1945–1979. Historia i teraźniejszość (1945–1979. History and the Present) is a school textbook written by Wojciech Roszkowski for the subject of History and the Present, published in 2022 in Kraków by the Biały Kruk publishing house. The textbook was officially approved for general education use in high schools and technical schools on 1 July 2022 as the first textbook for this subject.

From the time of its release, the textbook sparked controversy, facing accusations of stigmatizing children born via in vitro fertilization, equating feminism with Nazism, and adopting an essayistic, persuasive tone. During the review process, Grzegorz Ptaszek issued a negative linguistic opinion; however, after receiving a positive opinion from Klemens Stróżyński, the textbook was approved for school use despite concerns raised by experts. There were claims that the Ministry of Education and Science promoted this textbook over a competing one from Wydawnictwa Szkolne i Pedagogiczne, reflected in the speed of the review process for both books. (Note: Ultimately, the WSiP textbook was approved for school use on 2 September 2022.)

The textbook has been described as critical of Western popular culture and the West's shift away from Christianity, aligning with Roszkowski's broader body of work, including books such as Świat Chrystusa (The World of Christ) and Roztrzaskane lustro. Upadek cywilizacji zachodniej (Shattered Mirror: The Fall of Western Civilization). Significant portions of Roztrzaskane lustro were reprinted in the textbook, leading to accusations of self-plagiarism.
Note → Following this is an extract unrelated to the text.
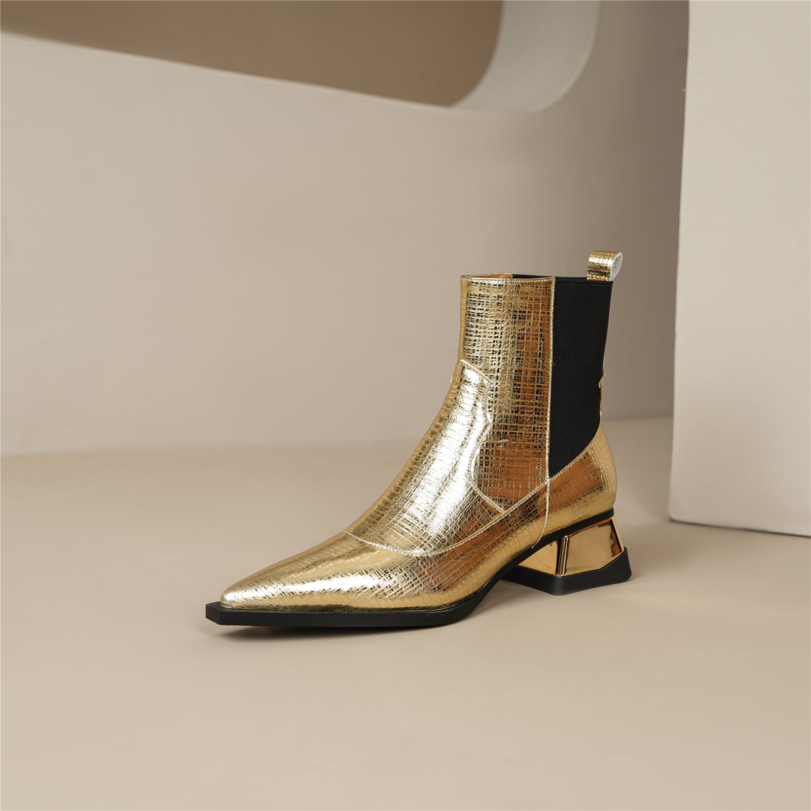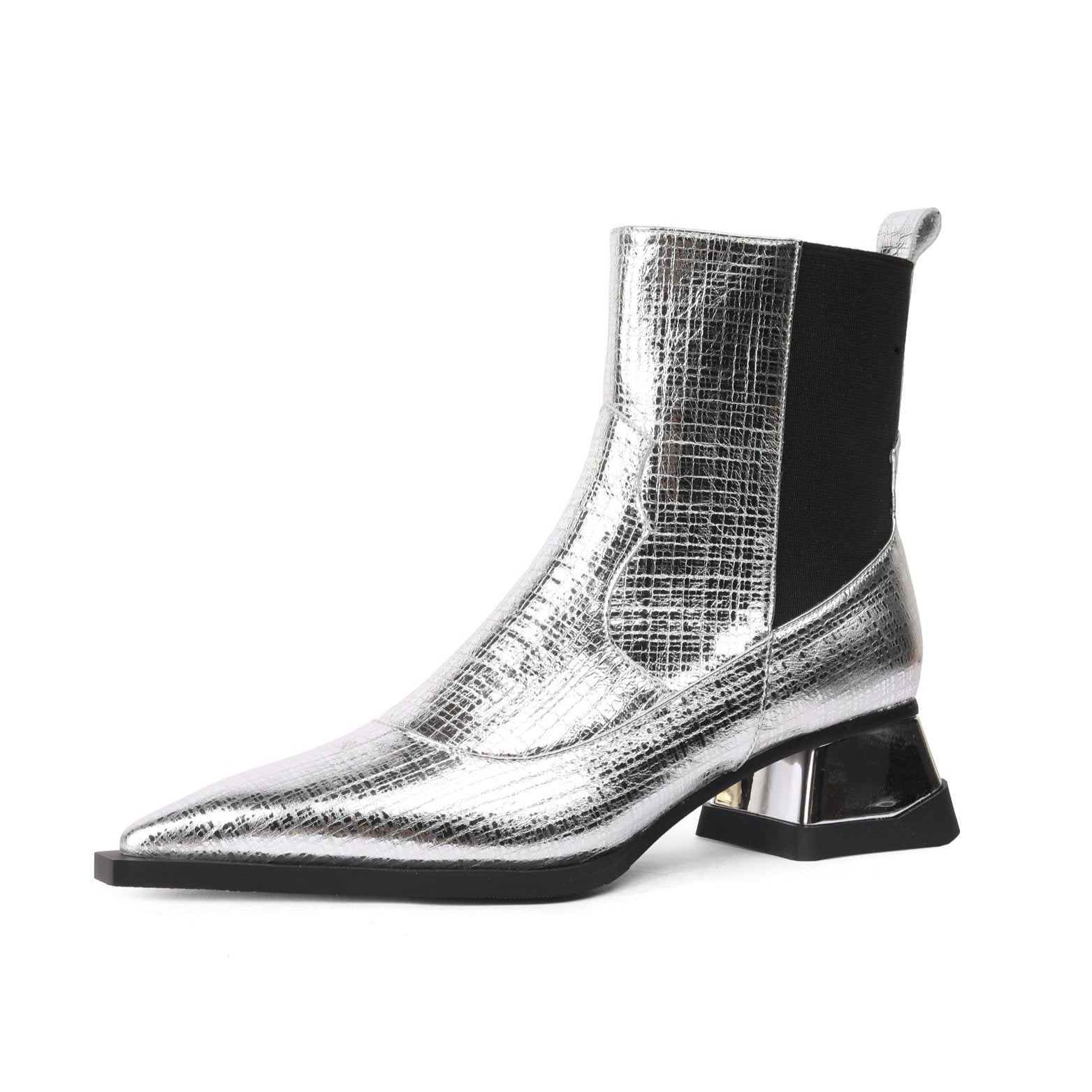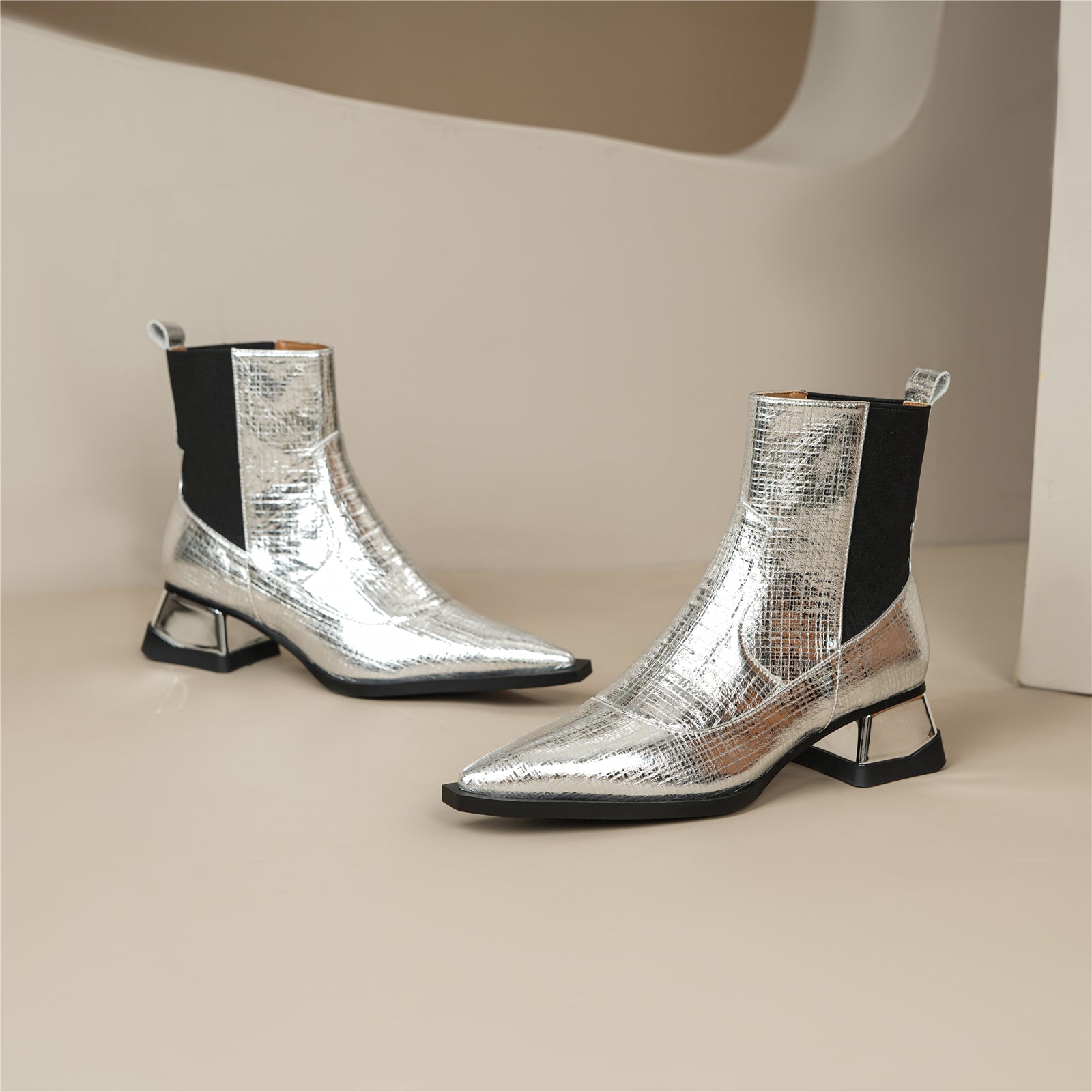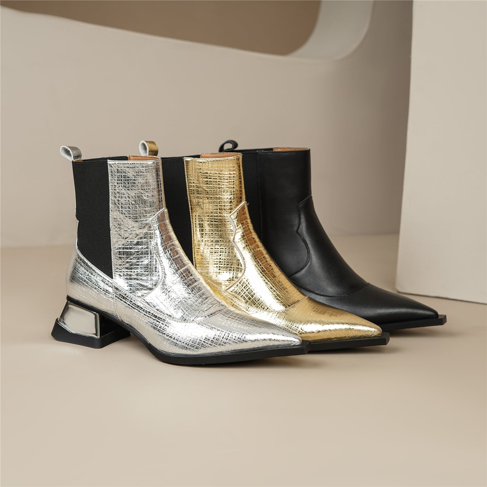 Ankle boots are designed with pointed toe, genuine leather, zip and spool heel.
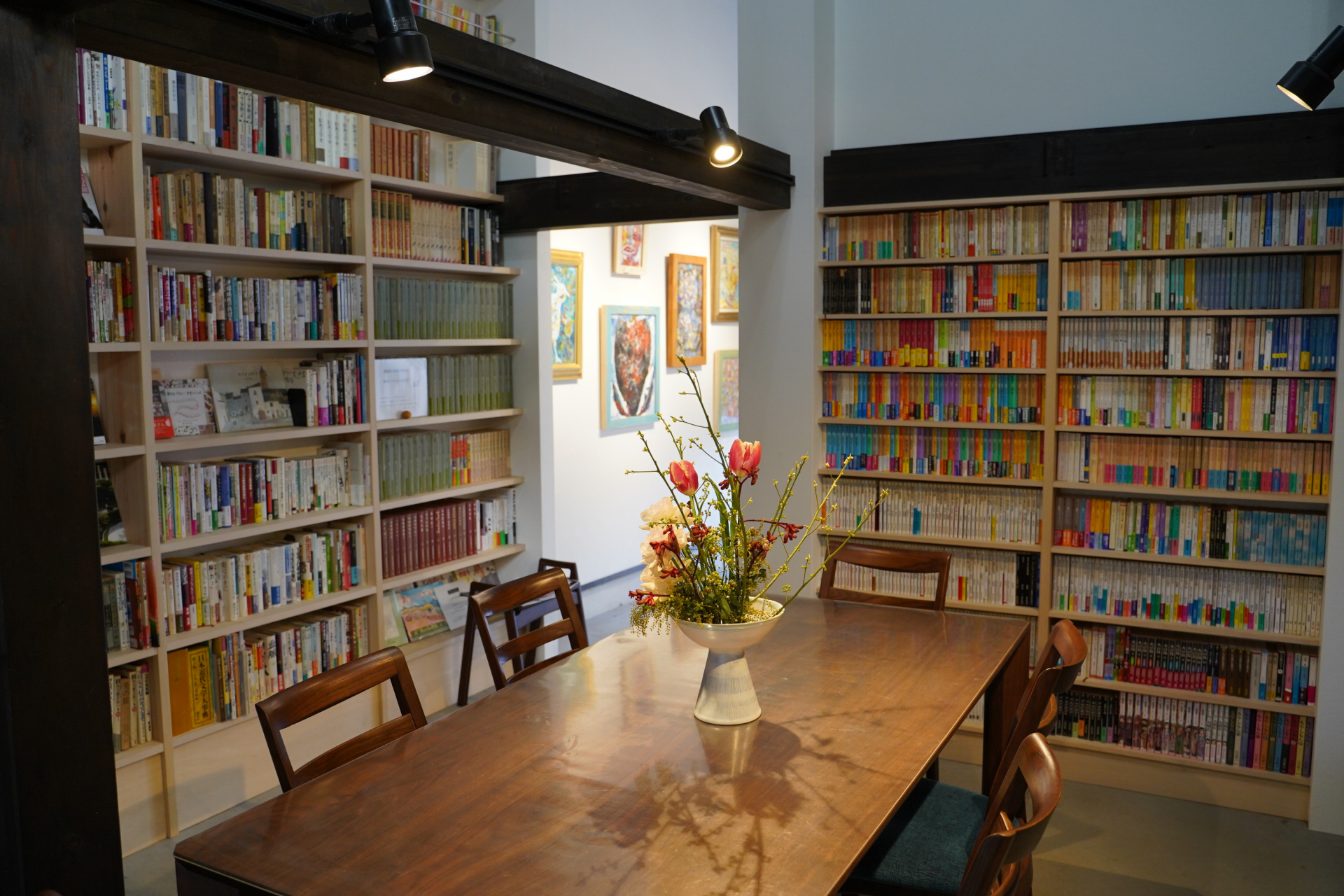 長年、東京で編集者を務めた店主が「アートする人を応援したい」と、令和4(2022)年にオープンしたギャラリー。展示作品は絵画、陶芸、写真などジャンルを問わず、2週間から1カ月ごとに入れ替わる。長い会期を設けているのは一人一人の作品をじっくり味わってほしいという想いから。入場は無料。展示スペースに隣接する書斎では、壁面を埋め尽くす本に囲まれ、コーヒーを飲んで一息つくこともできる。

The Minister of Education and Science, Przemysław Czarnek, praised the textbook, stating that it presents the truth about Poland’s recent history, which had previously been distorted. He argued that critics either only knew the falsified version of history (created by their grandparents, security officers, and communists) or were actively promoting anti-Polish shameful pedagogy.

Due to the public controversy, which some characterized as substantial in terms of social protests, the Commissioner for Human Rights, Marcin Wiącek, requested the Minister of Education and Science in mid-August 2022 to clarify whether the content of the textbook had been analyzed from the perspective of the constitutional principle of the state's ideological neutrality.

At the start of the 2022/23 school year, the textbook was not widely adopted in schools. The Wolna Szkoła organization reported that only 53 schools out of over 2,300 examined had chosen to use it. In an interview, Roszkowski acknowledged that even fewer schools were using his textbook but emphasized its popularity in the open market. The textbook sold approximately 25,000 copies.

In 2023, a second part of this textbook for grade 2 was published, titled 1980–2015 Historia i teraźniejszość.